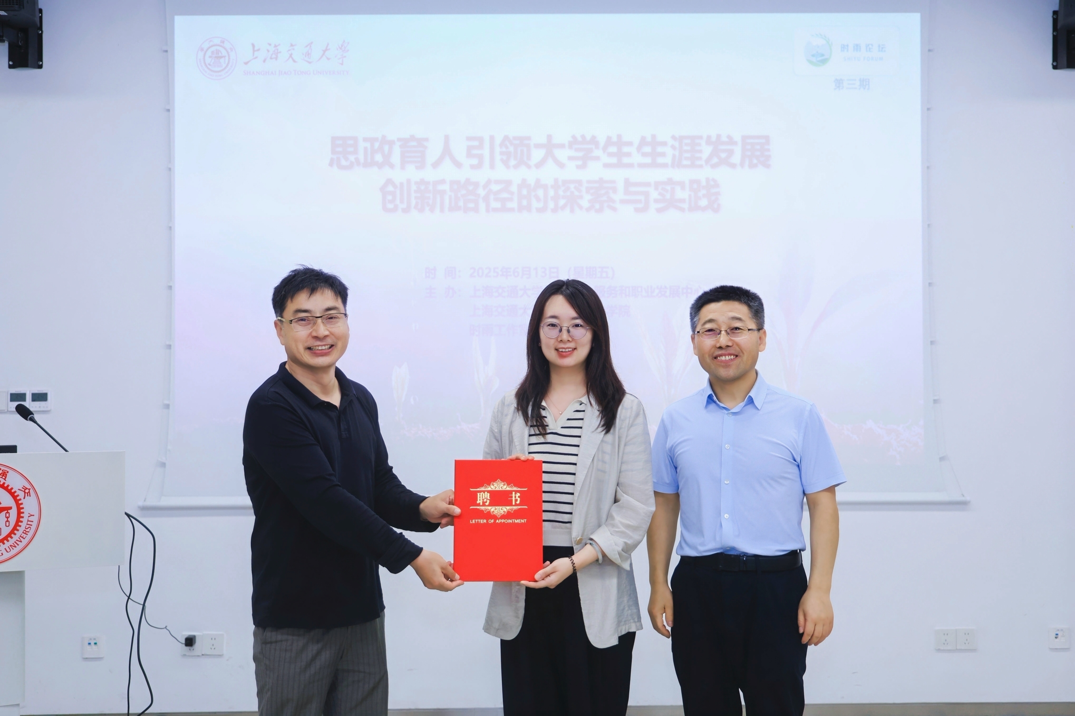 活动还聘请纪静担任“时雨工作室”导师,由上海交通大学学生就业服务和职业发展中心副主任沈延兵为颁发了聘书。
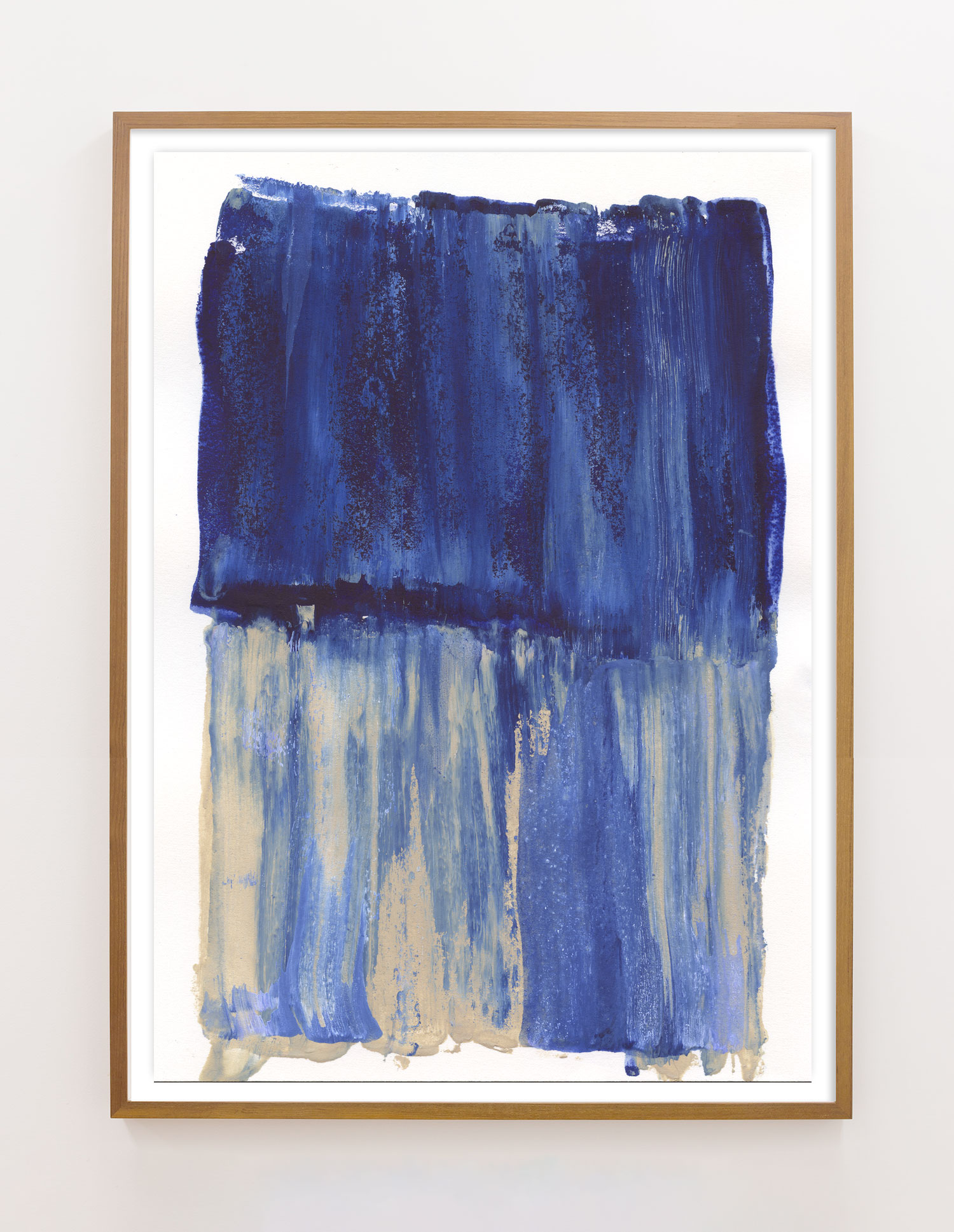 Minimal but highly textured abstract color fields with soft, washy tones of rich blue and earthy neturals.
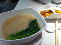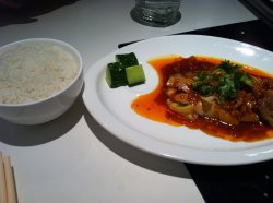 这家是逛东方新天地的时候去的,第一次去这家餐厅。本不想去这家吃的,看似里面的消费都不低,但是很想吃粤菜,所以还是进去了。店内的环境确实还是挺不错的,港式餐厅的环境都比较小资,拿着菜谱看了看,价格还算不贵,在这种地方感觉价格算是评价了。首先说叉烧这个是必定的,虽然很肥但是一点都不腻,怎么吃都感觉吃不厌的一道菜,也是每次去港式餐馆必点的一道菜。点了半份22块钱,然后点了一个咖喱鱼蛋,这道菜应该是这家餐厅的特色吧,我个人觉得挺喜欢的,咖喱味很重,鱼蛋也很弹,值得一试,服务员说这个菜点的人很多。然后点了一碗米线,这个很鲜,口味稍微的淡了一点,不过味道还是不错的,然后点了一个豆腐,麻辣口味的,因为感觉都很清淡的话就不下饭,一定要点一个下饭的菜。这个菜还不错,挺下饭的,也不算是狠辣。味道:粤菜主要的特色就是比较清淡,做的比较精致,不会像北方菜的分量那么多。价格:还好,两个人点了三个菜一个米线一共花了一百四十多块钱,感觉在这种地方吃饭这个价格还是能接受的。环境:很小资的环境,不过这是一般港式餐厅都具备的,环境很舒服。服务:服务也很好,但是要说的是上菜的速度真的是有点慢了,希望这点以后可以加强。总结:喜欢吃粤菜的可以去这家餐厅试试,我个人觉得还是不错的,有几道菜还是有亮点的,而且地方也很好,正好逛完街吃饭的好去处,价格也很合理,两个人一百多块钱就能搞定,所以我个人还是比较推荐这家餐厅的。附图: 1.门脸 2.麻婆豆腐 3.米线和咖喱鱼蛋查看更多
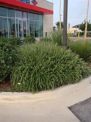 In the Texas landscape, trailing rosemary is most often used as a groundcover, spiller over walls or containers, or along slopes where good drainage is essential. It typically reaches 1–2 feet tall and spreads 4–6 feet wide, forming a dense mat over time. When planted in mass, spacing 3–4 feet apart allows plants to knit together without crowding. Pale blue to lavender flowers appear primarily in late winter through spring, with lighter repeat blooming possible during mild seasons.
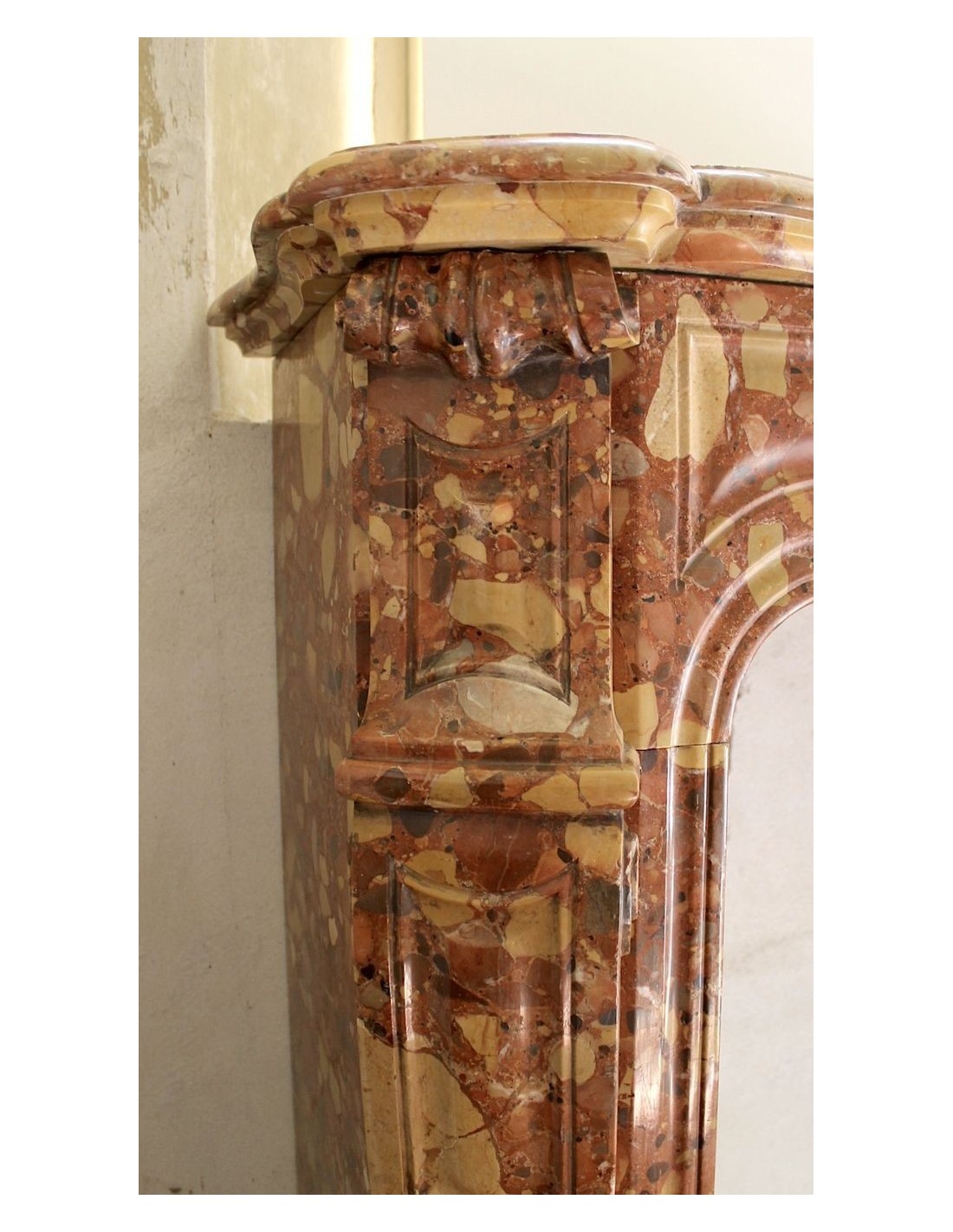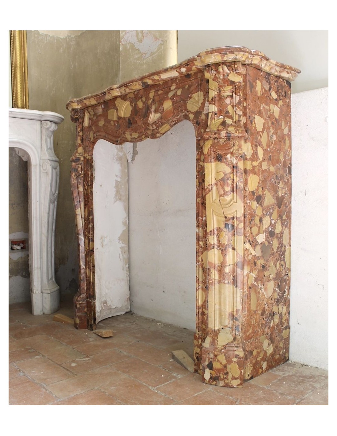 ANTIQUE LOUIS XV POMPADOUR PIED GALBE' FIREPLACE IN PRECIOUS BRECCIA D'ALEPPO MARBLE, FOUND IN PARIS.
══════════
**Requirement**
Without the pictures, transcribe exactly the lines above from the one containing "In the Texas" through the last.

**Result of the exercise**
 In the Texas landscape, trailing rosemary is most often used as a groundcover, spiller over walls or containers, or along slopes where good drainage is essential. It typically reaches 1–2 feet tall and spreads 4–6 feet wide, forming a dense mat over time. When planted in mass, spacing 3–4 feet apart allows plants to knit together without crowding. Pale blue to lavender flowers appear primarily in late winter through spring, with lighter repeat blooming possible during mild seasons.
 ANTIQUE LOUIS XV POMPADOUR PIED GALBE' FIREPLACE IN PRECIOUS BRECCIA D'ALEPPO MARBLE, FOUND IN PARIS.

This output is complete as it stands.